Даже спустя год мне по-прежнему жутко трудно делать некоторые вещи – типа принимать душ (почему-то) и ездить на лифте (само собой). Есть целая куча вещей, которые меня напрягают, типа подвесные мосты, микробы, самолеты, салют, арабы в метро (хоть я и не расист), арабы в ресторанах, кафе и других общественных местах, строительные леса, решетки водостоков и сабвеев, оставленные сумки, обувь, люди с усами, дым, узлы, высокие здания, тюрбаны. Часто у меня такое чувство, будто я в центре огромного черного океана или в открытом космосе, но не как когда балдеешь. Просто все становится запредельно далеким. Хуже всего по ночам. Я начал изобретать разные вещи и потом не смог остановиться, как бобры, про которых я знаю. Люди думают, что бобры подпиливают деревья, чтобы строить плотины, а на самом деле из-за того, что у них зубы всю жизнь растут, и если бы они их постоянно не стачивали, подпиливая деревья, то зубы постепенно врастали бы им в морды, и тогда бы бобрам конец. Так было и с моим мозгом.
Как-то ночью после целого гуголплекса изобретений я зашел в папину кладовку. Когда-то мы с ним там боролись по греко-римски и рассказывали уморительные анекдоты, а однажды привесили маятник к потолку и разложили костяшки домино на полу по кругу, чтобы доказать, что Земля вертится. Но после его смерти я туда ни разу не заходил. Мама и Рон были в гостиной – слушали слишком громкую музыку и играли в настольные игры. Мама не скучала по папе. Я взялся за ручку двери, но не сразу ее повернул.
В отличие от гроба, в котором папы не было, в кладовке он был. И хоть прошло уже больше года, там по-прежнему пахло бритьем. Я потрогал его белые майки. Я потрогал его крутейшие наручные часы, которые он никогда не носил, и запасные шнурки от его кроссовок, которые никогда больше не побегут вокруг резервуара. Я обследовал карманы всех его пиджаков (нашел чек за такси, обертку мини-«Крэкла»[20] и визитку какого-то поставщика алмазов). Я влез в его тапочки.
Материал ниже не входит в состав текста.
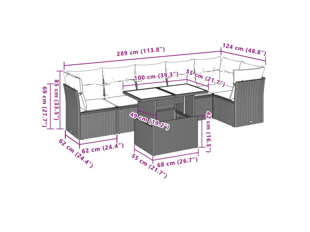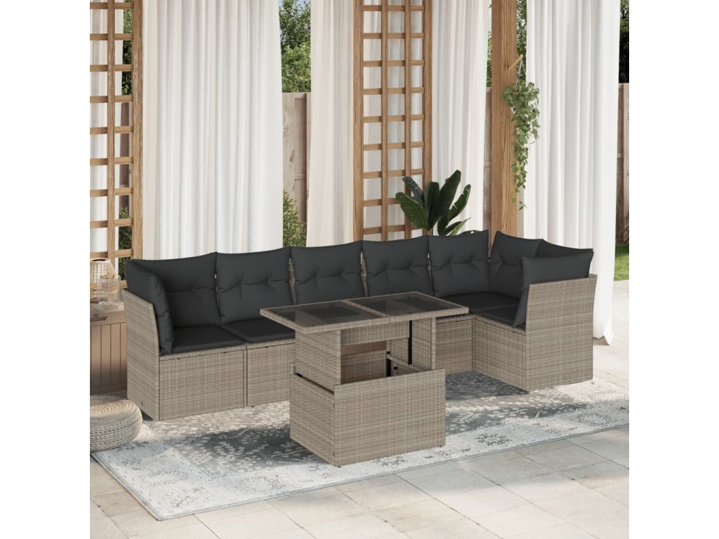 7dílná zahradní sedací souprava a podušky světle šedá polyratan 3266602
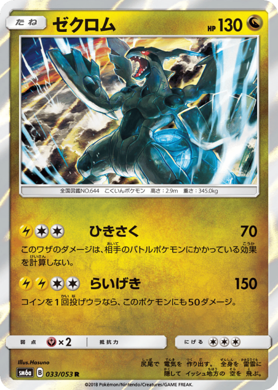 尻尾で 電気を 作り出す。 全身を 雷雲に 隠して イッシュ地方の 空を 飛ぶ。
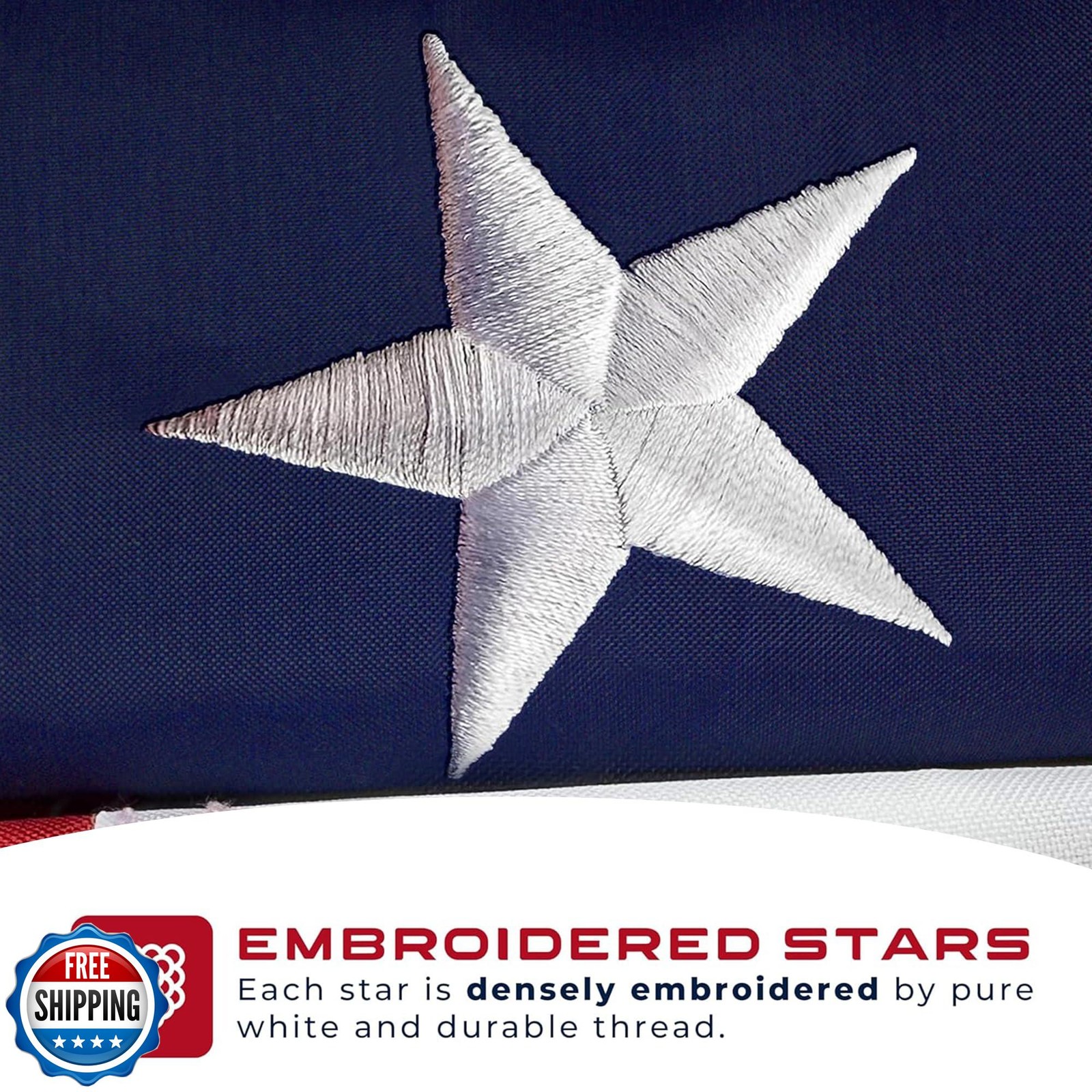 Shop72 American Flag, 3x5 American Flag Outdoor Heavy Duty, Embroidered Stars, Allegiance to USA, Bandera De Estados Unidos, For Outdoor and Indoor, Bandera Americana Features Our American flag comes with: Triple Stitched Surged seam to reduce wind drag, Sturdy Brass Grommets For easy hanging, Four row of lock stitching at wind side, Double row of stitching on the hem. An American flag built like America: Sturdy, strong and heavy duty and yet with intricate details Made From Heavyweight Nylon 210D Grade for size 3x5, 4x6 and 5x8. For bigger size we use even sturdier Nylon 240D to make 6x10 ft and 8x12 ft. For the size 10x15 ft and 12 x18 ft, we use very sturdy Nylon Oxford of 300D grade. Nylon American flag is sturdier than those made of polyesters. Each american flag 3x5 outdoor comes with highly and densely Embroidered Stars And Sewn Stripes. Our American flags for outside come with Vivid white stars, brilliantly embroidered, for a beautiful presentation. Our american flag 3x5 outdoor is made of Deluxe Heavyweight Nylon material. Ranging from 210D, 240D upto 300D grade. This DURABLE fabric ensures that our American flag flies in a light - medium wind and blocks damaging UV rays to fade color. Show your pride in red, white and blue! Our American flags for outside are excellent gifts for friends, parents or to display on your home. Flag pole is not included. Shipping Free & Fast Shipping: We offer free shipping to most of the USA with a normal delivery time of 3-7 days. However, due to the current situation, additional delivery time (up to 3 weeks) may be required for some items. Alternative Carriers: We may use alternative carriers (e.g., USPS, FedEx, UPS) to ensure your package arrives safely and on time. Due to the use of multiple carriers, we are unable to provide a tracking number automatically. Handling Time: Orders are processed and shipped within 1-2 business days of receiving cleared payment. Shipping Restrictions: Shipping to Alaska, Hawaii, Puerto Rico, Guam, and other US territories may incur shipping charges or delivery restrictions. Please contact us before ordering, or your order can be refunded/cancelled. State Restrictions: Certain items may not be shipped to California due to state regulations. Contact for Tracking Updates: If you require tracking updates or have any concerns about the delivery of your order, please feel free to contact us, and we will be happy to assist you. Return Policy 30-Day Hassle-Free Returns: If you are not completely satisfied with your purchase, you can return the item for free within 30 days of receiving it for a full refund or exchange. Easy Return Process: Contact us, and we will provide you with a prepaid return shipping label and detailed instructions. No Restocking Fee: There are no restocking fees for returns. However, the buyer is responsible for return shipping costs if the return is not due to a seller"s error. Refund Processing: Refunds will be processed within 1 business day of receiving the returned item in its original condition. Feedback Your feedback is extremely important to us. We strive to provide the best products and customer service possible. If you are satisfied with your purchase, please take a moment to leave us a positive review. If you have any concerns or issues with your order, please contact us before leaving negative feedback. We are committed to resolving any problems and ensuring your satisfaction. Contact Us If you have any questions or concerns, please feel free to reach out to our customer support team. You can contact us through the eBay messaging system. We are available Monday to Friday, 9:00 am to 5:00 pm EST, and we will do our best to respond to your inquiry within 24 hours. Thank you for supporting our small family business!

Я посмотрелся в его металлический рожок для обуви. В среднем, чтобы заснуть, человеку требуется не больше семи минут, а я не могу уснуть часами, но гирь на моем сердце стало поменьше, когда я оказался среди его вещей и потрогал то, до чего он дотрагивался, и поправил вешалки, чтобы ровнее висели, хотя это уже не имело значения.
Его смокинг висел на стуле, на который он обычно садился, когда завязывал шнурки, и я подумал: Странно. Почему он не висит вместе с другими костюмами? Может, в свой последний вечер он вернулся с какой-нибудь пафосной вечеринки? Но тогда почему, раздевшись, он не повесил его на место? Может, собирался сдать в чистку? Но я не помнил пафосной вечеринки. Я помнил, как он укладывал меня спать, и как кто-то говорил по-гречески на коротких волнах радиоприемника, и историю про Шестой округ. Если бы больше ничего странного я не заметил, я бы не напрягся из-за смокинга. Но я кучу всего заметил.
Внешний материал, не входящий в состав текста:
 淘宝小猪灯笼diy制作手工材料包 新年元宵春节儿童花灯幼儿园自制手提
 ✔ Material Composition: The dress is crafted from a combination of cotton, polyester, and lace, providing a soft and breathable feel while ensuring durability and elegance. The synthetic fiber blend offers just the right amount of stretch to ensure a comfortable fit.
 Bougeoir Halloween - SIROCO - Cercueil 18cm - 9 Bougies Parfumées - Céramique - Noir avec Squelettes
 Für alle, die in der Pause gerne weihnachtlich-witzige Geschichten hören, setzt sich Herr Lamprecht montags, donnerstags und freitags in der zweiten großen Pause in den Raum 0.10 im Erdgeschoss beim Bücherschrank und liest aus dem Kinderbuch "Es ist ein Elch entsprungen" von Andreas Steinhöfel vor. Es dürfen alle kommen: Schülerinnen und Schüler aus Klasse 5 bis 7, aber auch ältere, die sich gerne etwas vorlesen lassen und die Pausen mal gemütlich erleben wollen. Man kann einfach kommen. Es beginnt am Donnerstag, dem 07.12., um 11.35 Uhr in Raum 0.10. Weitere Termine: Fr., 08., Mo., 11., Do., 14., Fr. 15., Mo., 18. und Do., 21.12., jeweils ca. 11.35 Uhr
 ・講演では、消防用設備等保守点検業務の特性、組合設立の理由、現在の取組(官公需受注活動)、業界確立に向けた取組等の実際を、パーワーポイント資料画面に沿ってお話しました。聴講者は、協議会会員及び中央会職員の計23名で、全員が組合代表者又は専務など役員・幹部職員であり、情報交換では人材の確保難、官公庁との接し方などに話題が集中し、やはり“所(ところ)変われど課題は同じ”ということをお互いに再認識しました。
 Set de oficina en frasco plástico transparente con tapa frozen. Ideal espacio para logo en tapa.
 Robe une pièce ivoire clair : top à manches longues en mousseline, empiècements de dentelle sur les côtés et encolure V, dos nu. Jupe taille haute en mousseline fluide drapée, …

На полке, на самом верху, стояла зыкинская синяя ваза. Зачем ставить зыкинскую синюю вазу под самый потолок? Дотянуться до нее, само собой, я не смог, поэтому придвинул стул со смокингом, а потом сходил в комнату за собранием сочинений Шекспира, которое мне подарила бабушка, когда узнала, что я буду Йориком, и перетаскал его в кладовку по четыре трагедии за раз, пока не получилась солидная стопка. Я на все это встал, и вроде было нормально. В первую секунду. Но когда я уже почти коснулся вазы, трагедии закачались, и еще этот смокинг запредельно отвлекал, ну а дальше все было уже на полу, включая меня и включая вазу, которая кокнулась. «Это не я!» – крикнул я, но они не услышали, потому что музыка играла слишком громко и тусовка там шла по полной. Я застегнулся на все «молнии» внутри самого себя, но не потому, что ударился, и не потому, что что-то разбил, а потому, что там шла тусовка. Хоть я и знал, что не стоит, я наставил себе синяк.
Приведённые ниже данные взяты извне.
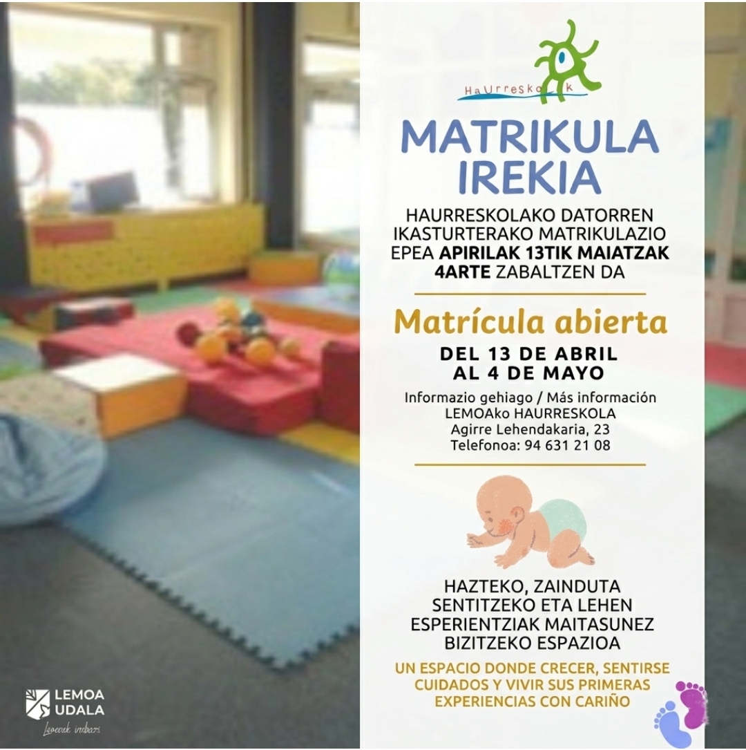 Lemoako Haurreskolan matrikulazio epea irekita dago, 0 eta 2 urte bitarteko haurrentzat. Izena emateko epea apirilaren 13tik maiatzaren 4ra bitartean izango da, familiei seme-alabak zaintza eta hezkuntza integrala uztartzen dituen espazio batean inskribatzeko aukera eskainiz.

Я решил все убрать и тогда заметил еще одну подозрительность. Среди осколков лежал маленький конверт размером с карточку для беспроводного Интернета. Ты чё? Я открыл его, и внутри оказался ключ. Ты чё, ты чё? Он был странной формы и, само собой, открывал что-нибудь жутко важное, потому что был толще и короче, чем обычный ключ. Я терялся в догадках: короткий толстый ключ в маленьком конверте в синей вазе на верхней полке его кладовки.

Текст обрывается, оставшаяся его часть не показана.